Records contained in a dataset
━━━━

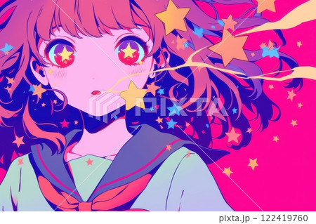 星に彩られたかわいい日本人の女の子(アニメ・マンガ・少女・異世界)
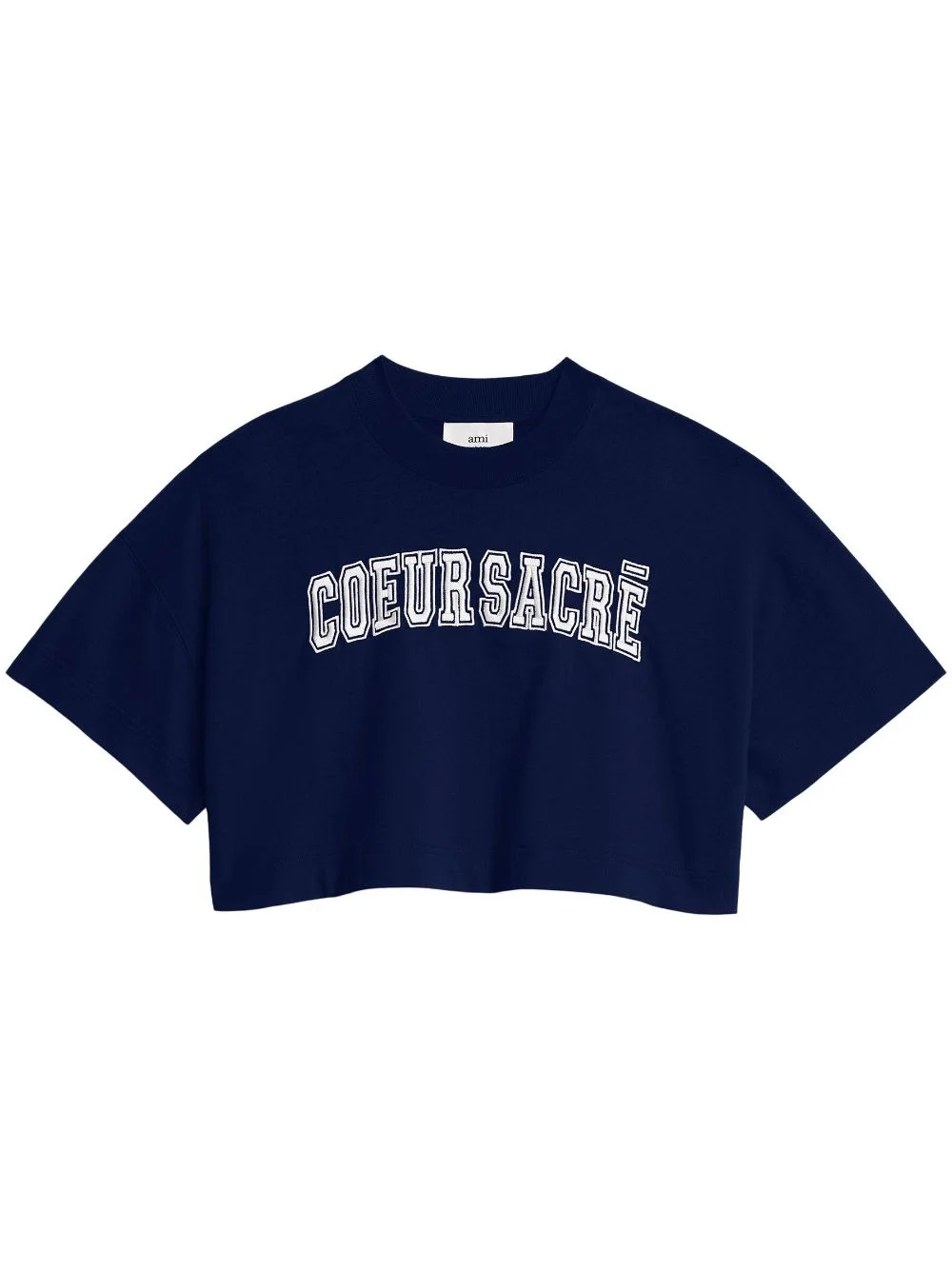 logo-print cropped T-shirt Highlights - Navy blue - Logo print to the front - Crew neck - Short sleeves - Cropped - Straight hem Imported Composition Cotton 100%
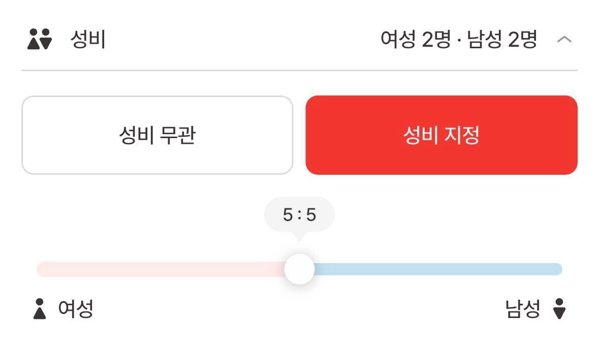 예를 들어, 최소 인원이 4명인 모임이라면 성비를 5:5, 2:8 등으로 설정할 수 있어요.
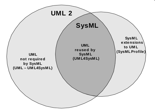 The SysML is based on another standard, the Unified Modeling Language (UML), that has been adopted and used by Software Engineers since the late nineties. This is important, as many Systems Engineering projects involve both system and software aspects and so both system and software engineers are able to understand each others models, leading to greater transparency, less chance of errors and mutually intelligible language constructs, resulting in a system that is less likely to fail or exhibit faults. This Venn diagram shows the relationship between the two standards. SysML reuses the Use Case, Activity and Sequence Diagrams.
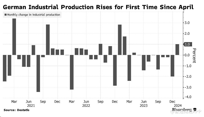 智通财经APP获悉,德国联邦统计局周五公布,受建筑业带动,德国1月季调后工业产出环比上升1%,为9个月来的首次上升,好于市场预期的增长0.6%。其中,化学品、食品和机械产量都有所上升,但汽车制造商的产量却急剧下降。
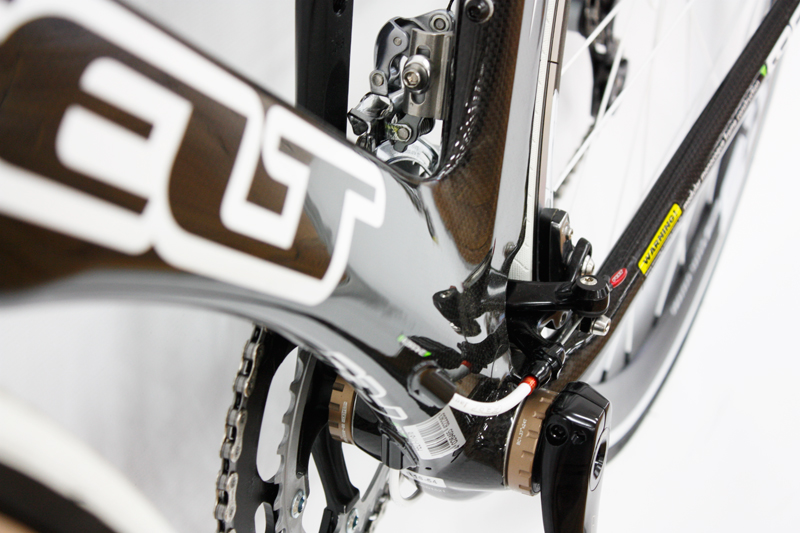 シフトワイヤー、Rブレーキワイヤーをフレーム内に通して空気抵抗を軽減
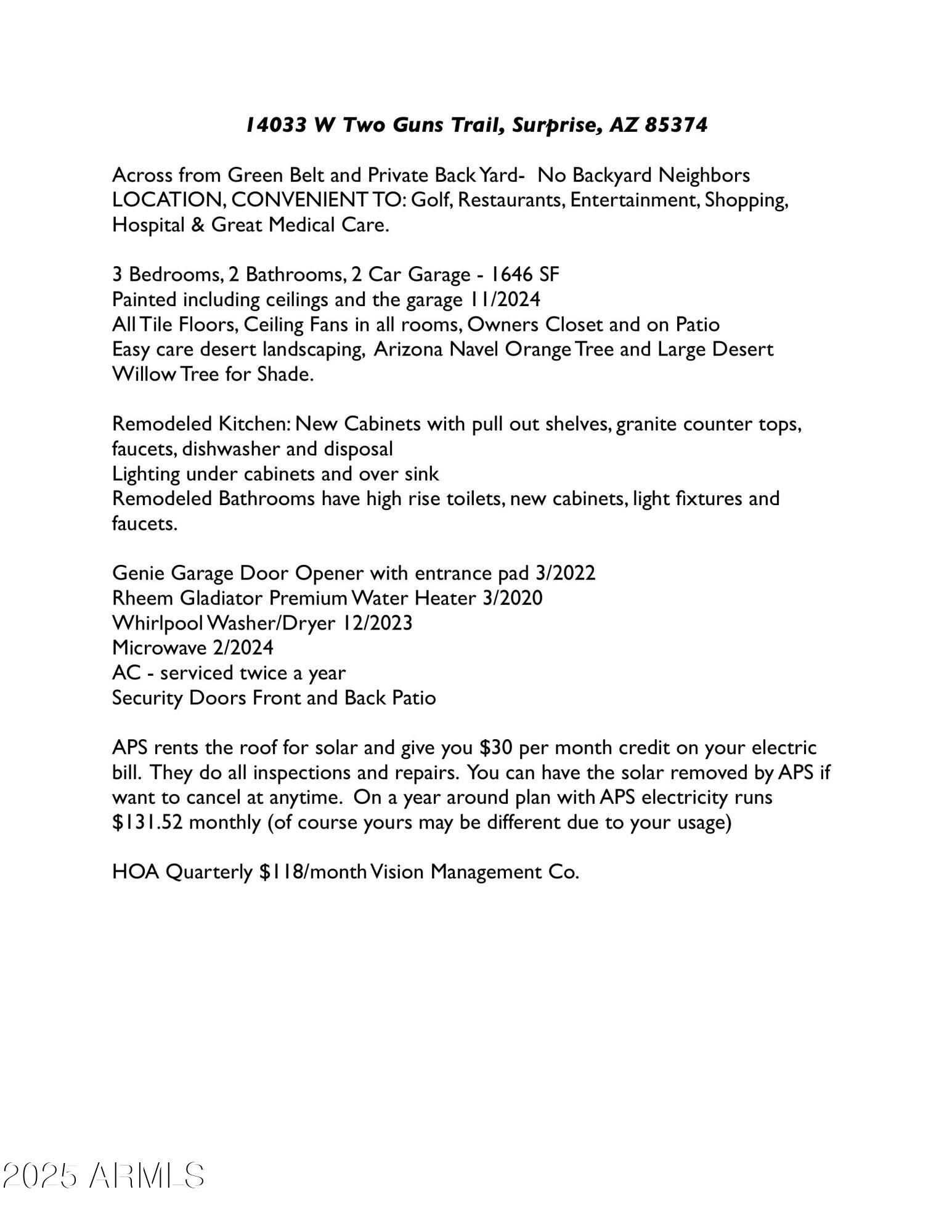 MONEY BACK PROGRAM with APS solar plan offers monthly credit of $30.00 off electric bills*Freshly painted inside*Beautiful and well-maintained home*This premium lot has no neighbors in front or back*Fantastic location is close to dining, shopping, freeways, and medical*Soaring ceilings and all tile floors*Upgraded granite counters and raised-panel cabinets in Kitchen and baths*Your kitchen includes under counter lighting, pull-out inserts in cabinets and two counters for bar stools, as well as bright open breakfast room* Newer washer, dryer, water heater, microwave, and garage door opener*You will have insulated garage doors*Easy care desert landscaping with navel orange tree, desert willow tree and covered patio with extended pad to enjoy your outdoor barbecues*Welcome Home!
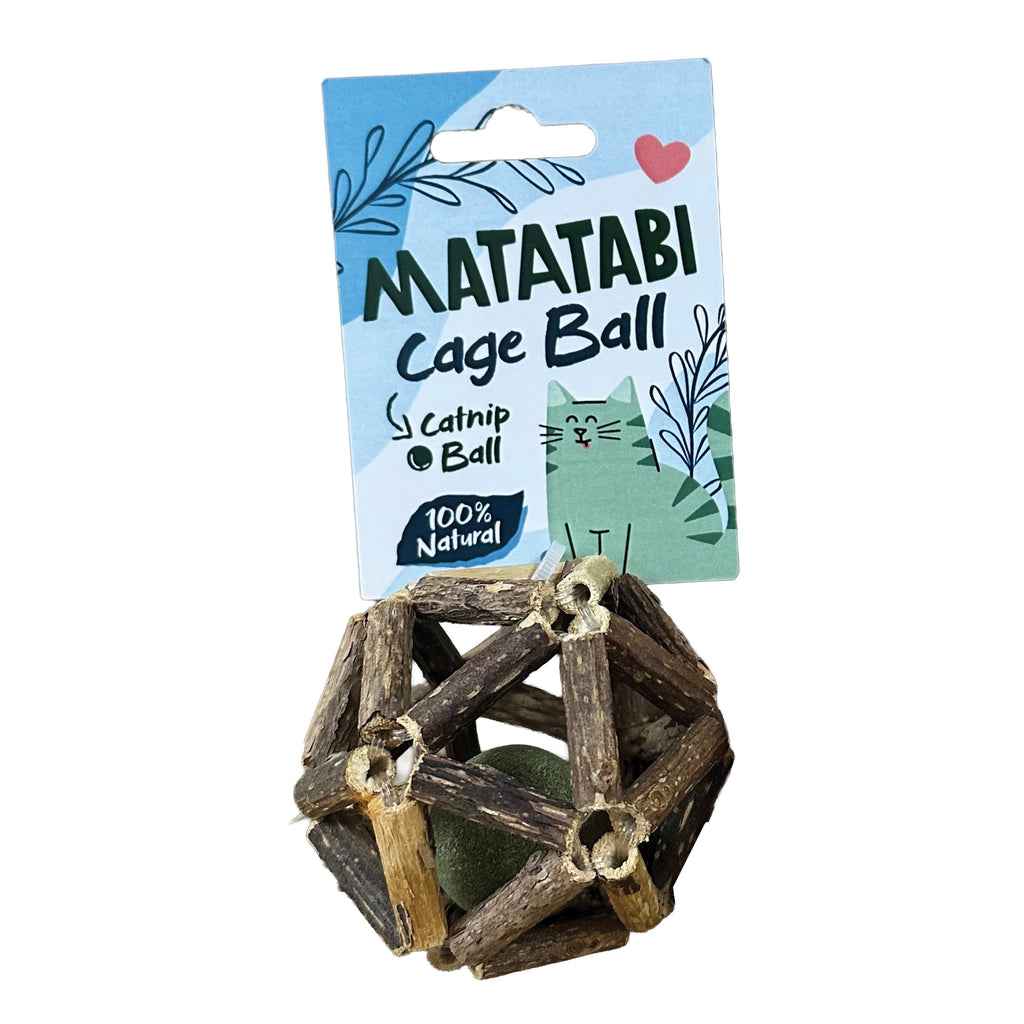 Discover our unique Matatabi Cage Ball, where natural Matatabi sticks form an outer cage encapsulating your choice of enrichment centre - either a solid compressed catnip ball or an engaging jingle bell ball. This innovative 7.5cm toy offers a multi-sensory experience as cats interact with both the outer Matatabi cage and the captivating inner core. The distinctive design provides hours of entertainment as cats roll, chase, and play with this cleverly crafted enrichment toy.

━━━━

* [Task to carry out]: Copy out exactly the lines that begin at the line with "MONEY BACK PROGRAM" and end at the final line of the entries above. Leave out the pictures.

* [Exercise solution]:
 MONEY BACK PROGRAM with APS solar plan offers monthly credit of $30.00 off electric bills*Freshly painted inside*Beautiful and well-maintained home*This premium lot has no neighbors in front or back*Fantastic location is close to dining, shopping, freeways, and medical*Soaring ceilings and all tile floors*Upgraded granite counters and raised-panel cabinets in Kitchen and baths*Your kitchen includes under counter lighting, pull-out inserts in cabinets and two counters for bar stools, as well as bright open breakfast room* Newer washer, dryer, water heater, microwave, and garage door opener*You will have insulated garage doors*Easy care desert landscaping with navel orange tree, desert willow tree and covered patio with extended pad to enjoy your outdoor barbecues*Welcome Home!
 Discover our unique Matatabi Cage Ball, where natural Matatabi sticks form an outer cage encapsulating your choice of enrichment centre - either a solid compressed catnip ball or an engaging jingle bell ball. This innovative 7.5cm toy offers a multi-sensory experience as cats interact with both the outer Matatabi cage and the captivating inner core. The distinctive design provides hours of entertainment as cats roll, chase, and play with this cleverly crafted enrichment toy.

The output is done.